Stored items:
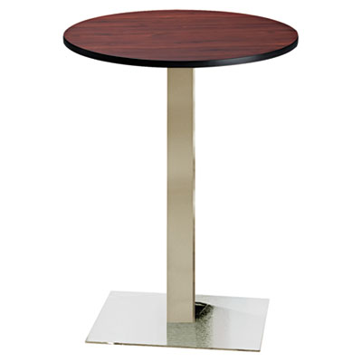 Furniture-grade particle board core features a sturdy, 1 1/8" thick low-pressure round laminate top. T-mold edging for added durability and style. Top and Base sold and shipped separately—ORDER BOTH. Top Color: Mahogany; Top Shape: Round.
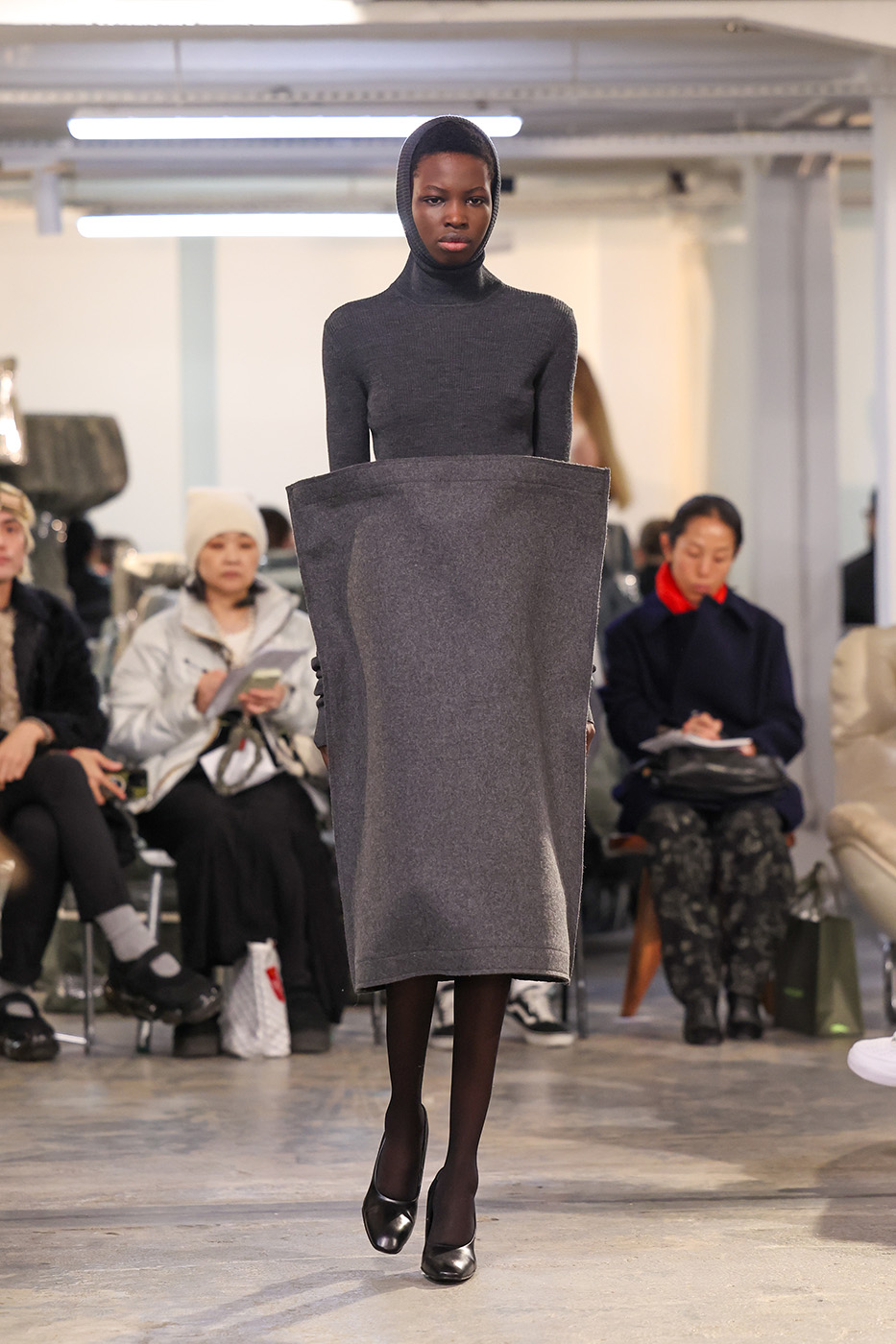 Редко когда сезон приносит принципиально новый силуэт, который, к тому же, подхватывается не одним-двумя ключевыми брендами, а сразу целой плеядой. Но этой зимой мы видим на подиумах необычный вариант юбки-карандаша — с расширенной талией, в результате силуэт получается по-настоящему прямоугольным. Держатся такие юбки либо за счет крупных складок на поясе и жесткости материала, как у Prada и Tod’s с их кожаными юбками, либо за счет хитроумных внутренних конструкций, как, видимо, сделали дизайнеры Мари Адам-Линард и Дуран Лантинк для своих именных брендов Marie Adam-Leenaerdt и Duran Lantink. Чтобы уравновесить геометричный силуэт, верх лучше выбирать обтягивающий — лонгслив, водолазка или майка будут идеальны.
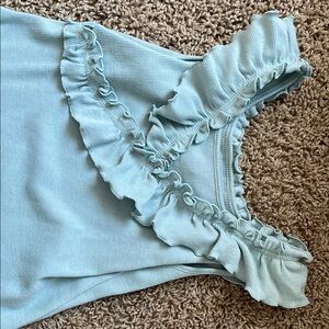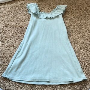 Charming light blue dress with playful ruffles, perfect for any occasion.
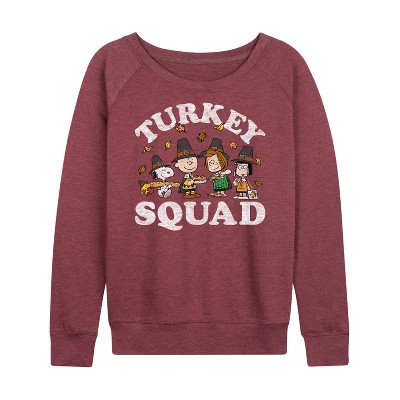 Women's Peanuts Trick Or Treat Moonlight Lightweight French Terry Wide Neck Long Sleeve Graphic Shirt - Heather Maroon - Small
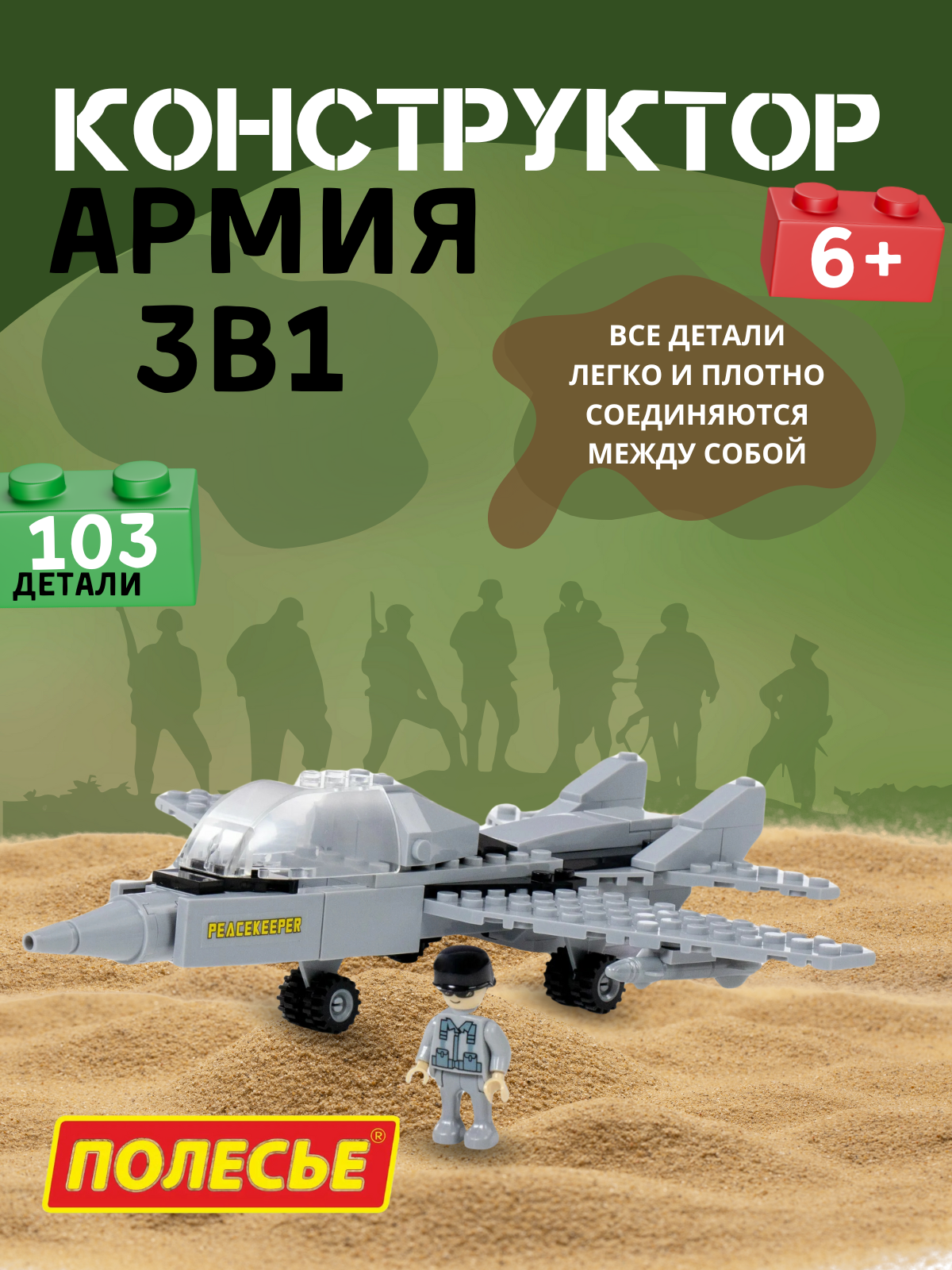 Конструктор полесье Классик Армия-8, 3 в1, 103 элемента (в коробке) П-81254
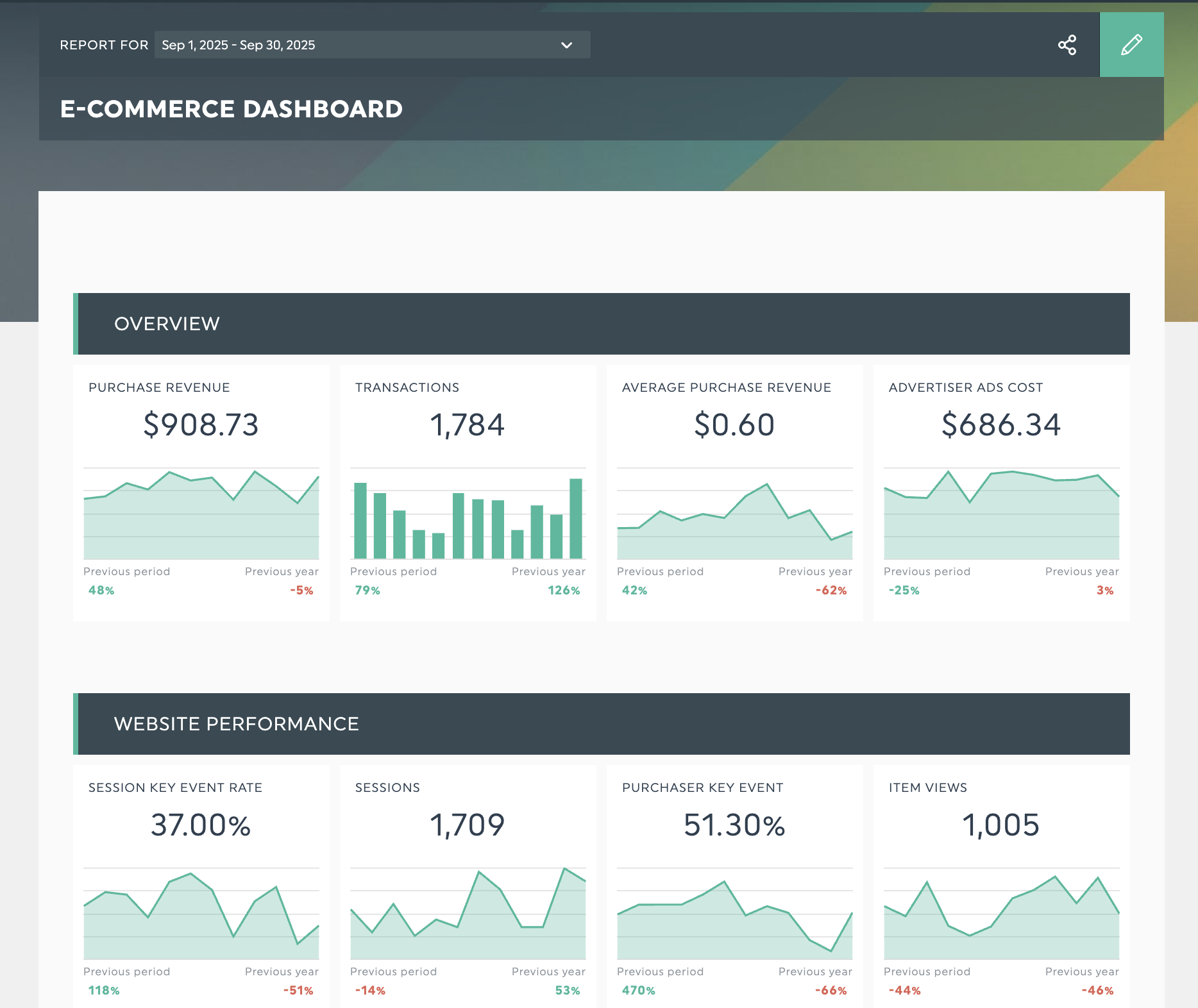 Obter este painel de controlo do comércio eletrónico com os seus próprios dados!

THE PROBLEM: Write out exactly the lines that run from the one containing "Charming light blue" to the last line of the entries above, both ends kept, pictures left out.

SOLUTION FOR THIS TASK:
 Charming light blue dress with playful ruffles, perfect for any occasion.
 Women's Peanuts Trick Or Treat Moonlight Lightweight French Terry Wide Neck Long Sleeve Graphic Shirt - Heather Maroon - Small
 Конструктор полесье Классик Армия-8, 3 в1, 103 элемента (в коробке) П-81254
 Obter este painel de controlo do comércio eletrónico com os seus próprios dados!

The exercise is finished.